• **Exercise goal**:
Please take the records that follow and repeat exactly the lines starting with the line with "Two bronze figures" and going on through the line with "Здесь готовые ответы".

• **Information given**:
+---+

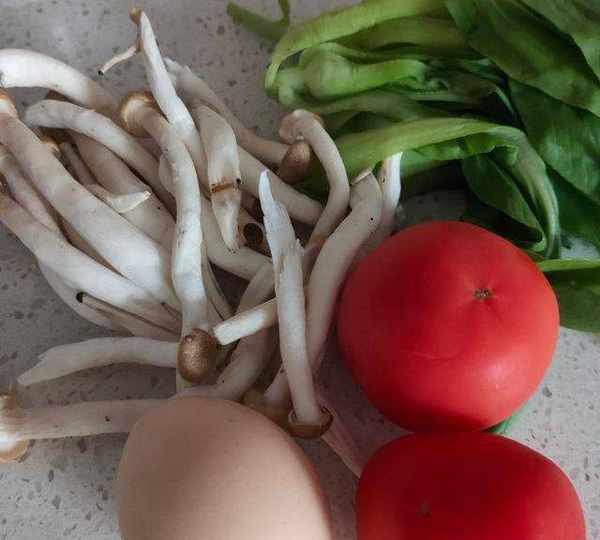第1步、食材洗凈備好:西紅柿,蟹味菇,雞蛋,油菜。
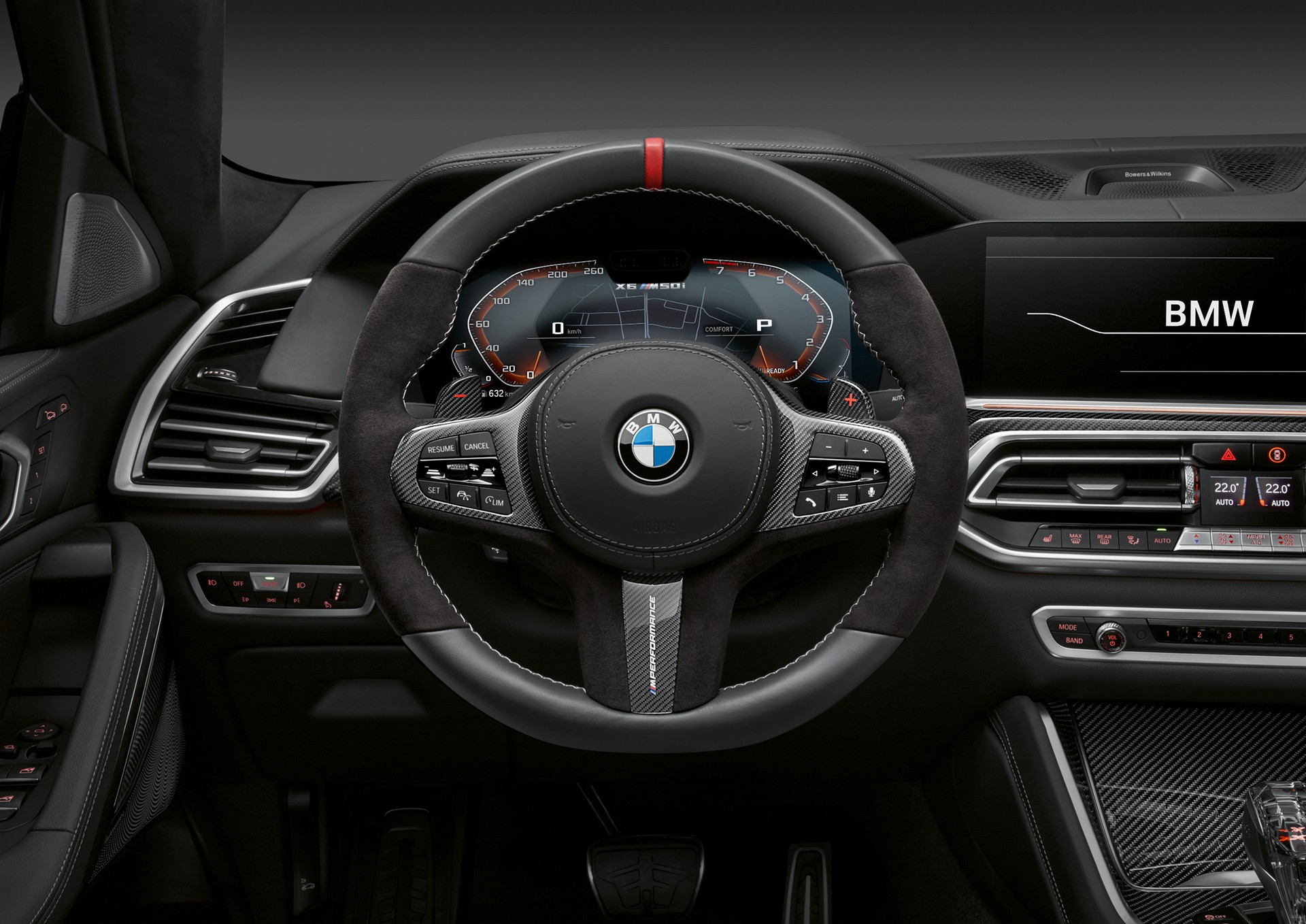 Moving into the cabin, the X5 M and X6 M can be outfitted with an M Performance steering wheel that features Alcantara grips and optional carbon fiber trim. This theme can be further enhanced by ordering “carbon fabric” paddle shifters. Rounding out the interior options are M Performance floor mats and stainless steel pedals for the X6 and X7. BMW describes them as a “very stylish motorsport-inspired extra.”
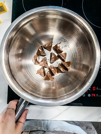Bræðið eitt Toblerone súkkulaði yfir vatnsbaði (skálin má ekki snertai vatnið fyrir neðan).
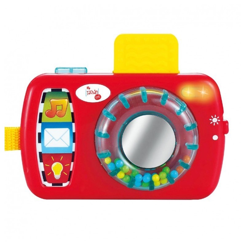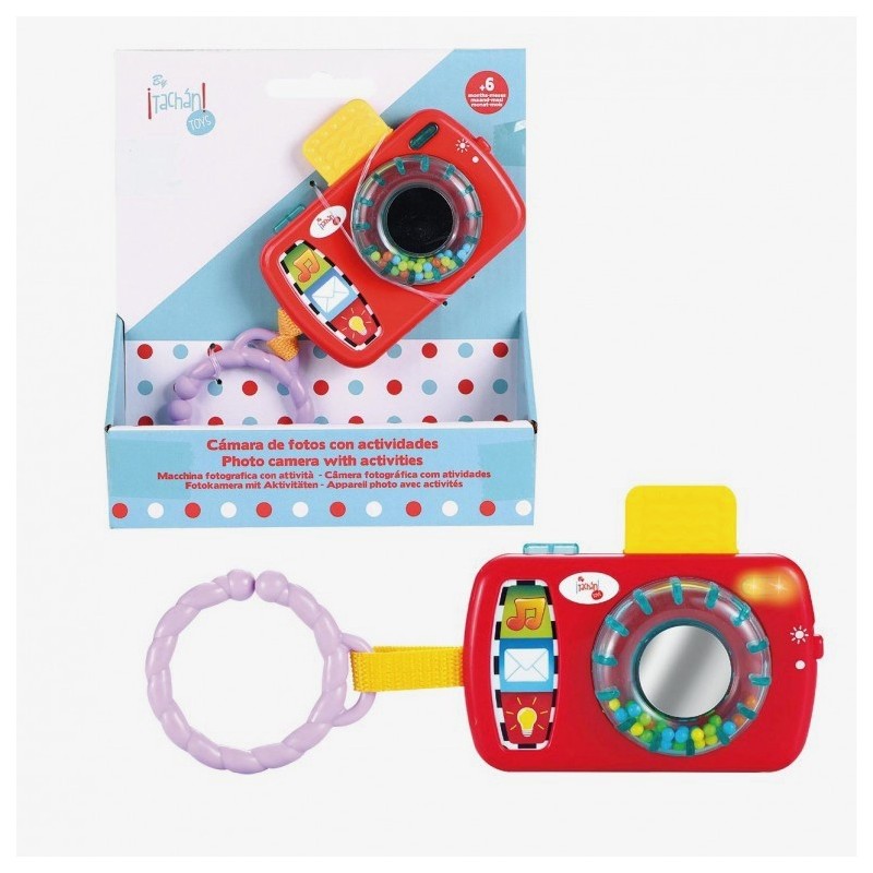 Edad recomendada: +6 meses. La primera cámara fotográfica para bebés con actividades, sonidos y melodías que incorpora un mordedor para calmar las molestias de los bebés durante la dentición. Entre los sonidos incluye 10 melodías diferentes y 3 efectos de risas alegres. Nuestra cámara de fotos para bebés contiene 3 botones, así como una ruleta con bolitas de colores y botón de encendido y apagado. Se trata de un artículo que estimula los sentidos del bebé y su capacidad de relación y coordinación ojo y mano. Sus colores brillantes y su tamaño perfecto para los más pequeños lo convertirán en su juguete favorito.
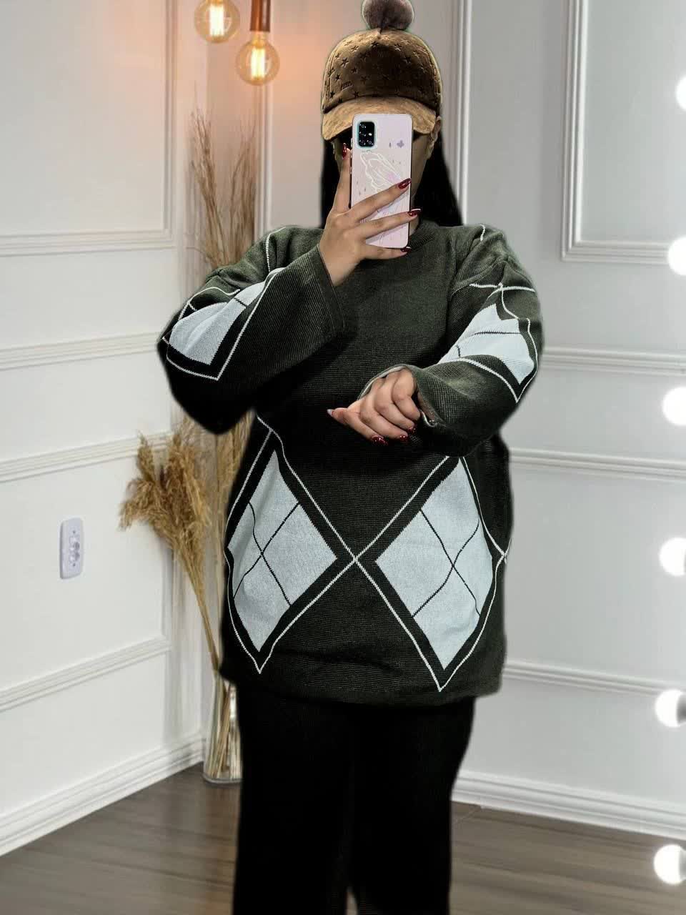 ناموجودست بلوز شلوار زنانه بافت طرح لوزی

+---+

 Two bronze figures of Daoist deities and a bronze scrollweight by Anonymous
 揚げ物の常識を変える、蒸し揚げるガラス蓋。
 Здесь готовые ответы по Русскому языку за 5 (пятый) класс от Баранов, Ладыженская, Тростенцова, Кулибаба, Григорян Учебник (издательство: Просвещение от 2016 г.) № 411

+---+

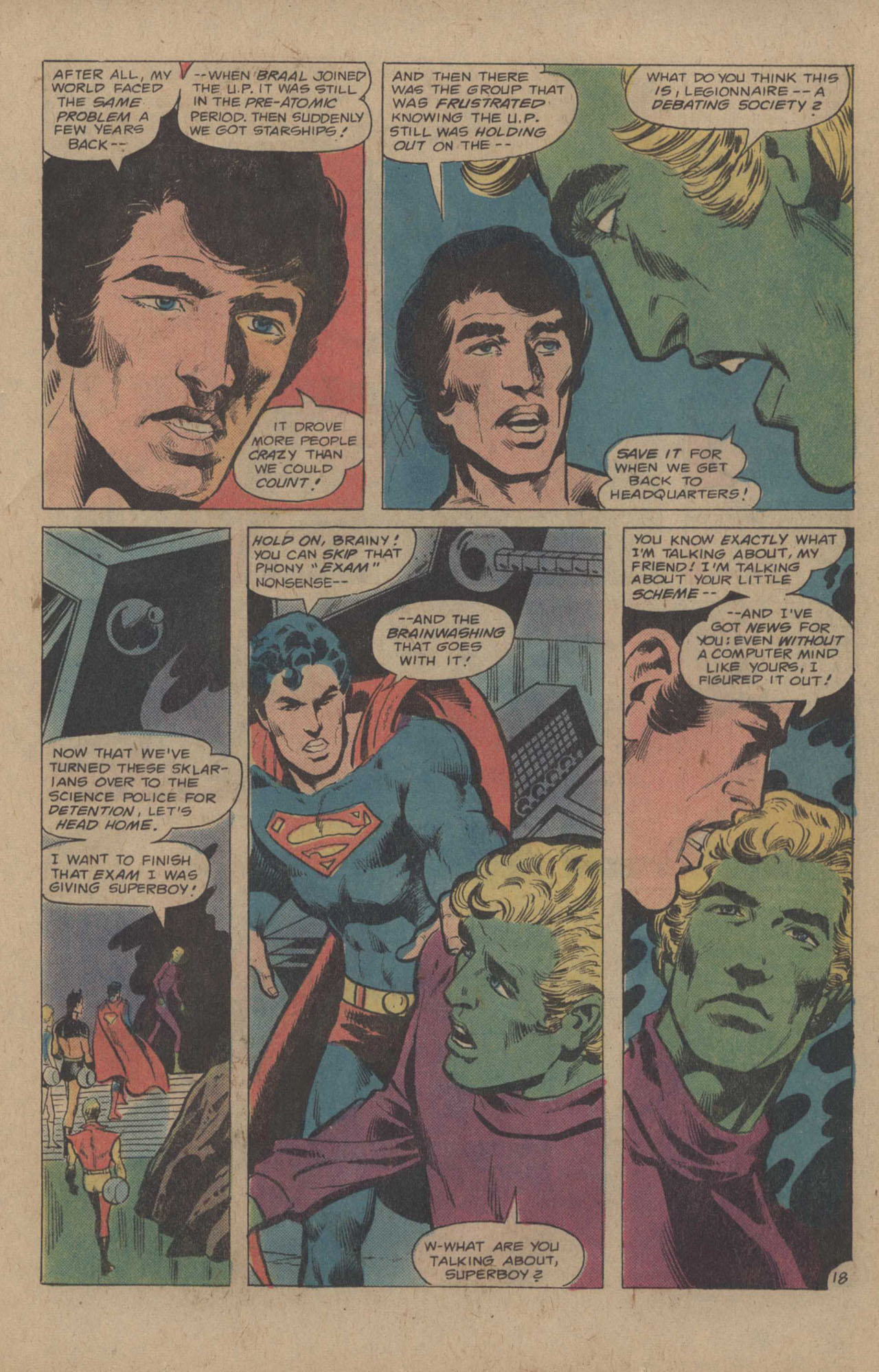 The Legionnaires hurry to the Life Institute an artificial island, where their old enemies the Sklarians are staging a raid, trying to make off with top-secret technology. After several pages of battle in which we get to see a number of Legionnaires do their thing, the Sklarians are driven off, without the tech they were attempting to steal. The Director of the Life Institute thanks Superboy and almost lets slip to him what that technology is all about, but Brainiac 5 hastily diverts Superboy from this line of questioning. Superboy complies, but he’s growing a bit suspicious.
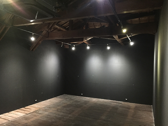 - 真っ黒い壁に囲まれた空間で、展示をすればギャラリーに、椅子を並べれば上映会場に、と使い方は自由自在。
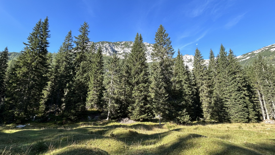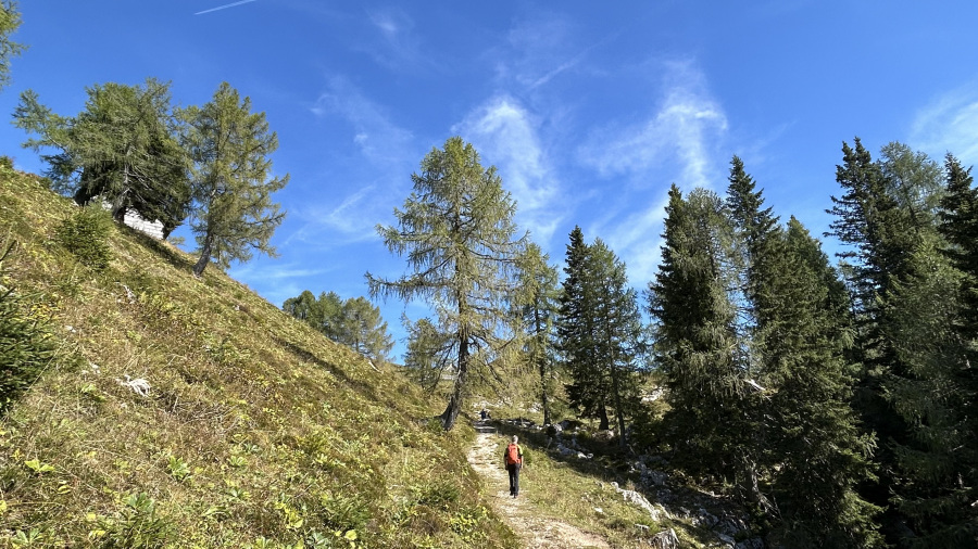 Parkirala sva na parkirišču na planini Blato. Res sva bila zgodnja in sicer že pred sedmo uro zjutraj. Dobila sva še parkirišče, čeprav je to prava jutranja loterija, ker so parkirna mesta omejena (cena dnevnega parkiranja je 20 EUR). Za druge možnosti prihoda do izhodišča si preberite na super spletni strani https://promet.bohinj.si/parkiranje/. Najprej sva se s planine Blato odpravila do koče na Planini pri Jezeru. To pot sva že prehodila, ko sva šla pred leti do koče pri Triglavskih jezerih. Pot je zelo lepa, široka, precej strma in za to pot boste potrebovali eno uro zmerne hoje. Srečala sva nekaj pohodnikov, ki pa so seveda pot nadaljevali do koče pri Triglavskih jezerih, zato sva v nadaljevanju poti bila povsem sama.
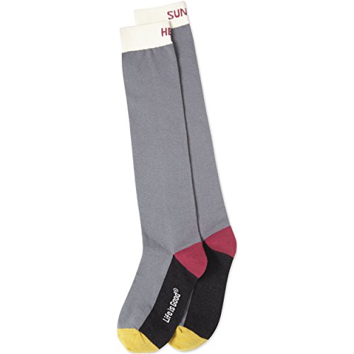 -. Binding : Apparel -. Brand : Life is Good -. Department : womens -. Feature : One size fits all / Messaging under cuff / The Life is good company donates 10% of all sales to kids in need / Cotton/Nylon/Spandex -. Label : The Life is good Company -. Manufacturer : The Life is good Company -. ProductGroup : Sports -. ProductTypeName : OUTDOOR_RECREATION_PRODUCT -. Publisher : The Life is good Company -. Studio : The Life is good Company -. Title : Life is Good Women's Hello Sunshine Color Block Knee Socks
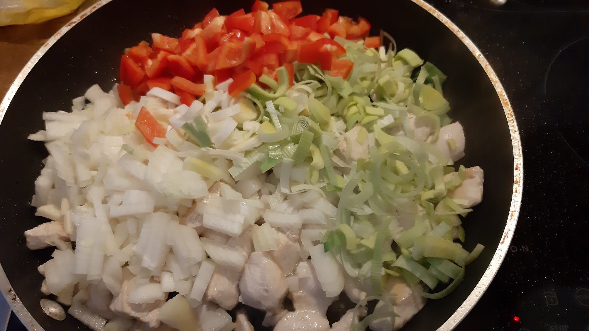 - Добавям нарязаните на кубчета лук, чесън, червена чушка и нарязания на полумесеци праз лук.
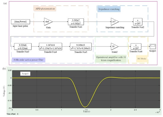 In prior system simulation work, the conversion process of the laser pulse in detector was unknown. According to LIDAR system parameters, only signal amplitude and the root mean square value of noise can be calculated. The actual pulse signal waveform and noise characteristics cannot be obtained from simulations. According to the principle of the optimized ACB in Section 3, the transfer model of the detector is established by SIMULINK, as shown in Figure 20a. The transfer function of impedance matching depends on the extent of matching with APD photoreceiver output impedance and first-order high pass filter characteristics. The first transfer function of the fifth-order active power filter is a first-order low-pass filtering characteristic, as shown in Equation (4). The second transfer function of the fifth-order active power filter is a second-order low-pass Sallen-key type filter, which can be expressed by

+---+

• **Solution**:
 Two bronze figures of Daoist deities and a bronze scrollweight by Anonymous
 揚げ物の常識を変える、蒸し揚げるガラス蓋。
 Здесь готовые ответы по Русскому языку за 5 (пятый) класс от Баранов, Ладыженская, Тростенцова, Кулибаба, Григорян Учебник (издательство: Просвещение от 2016 г.) № 411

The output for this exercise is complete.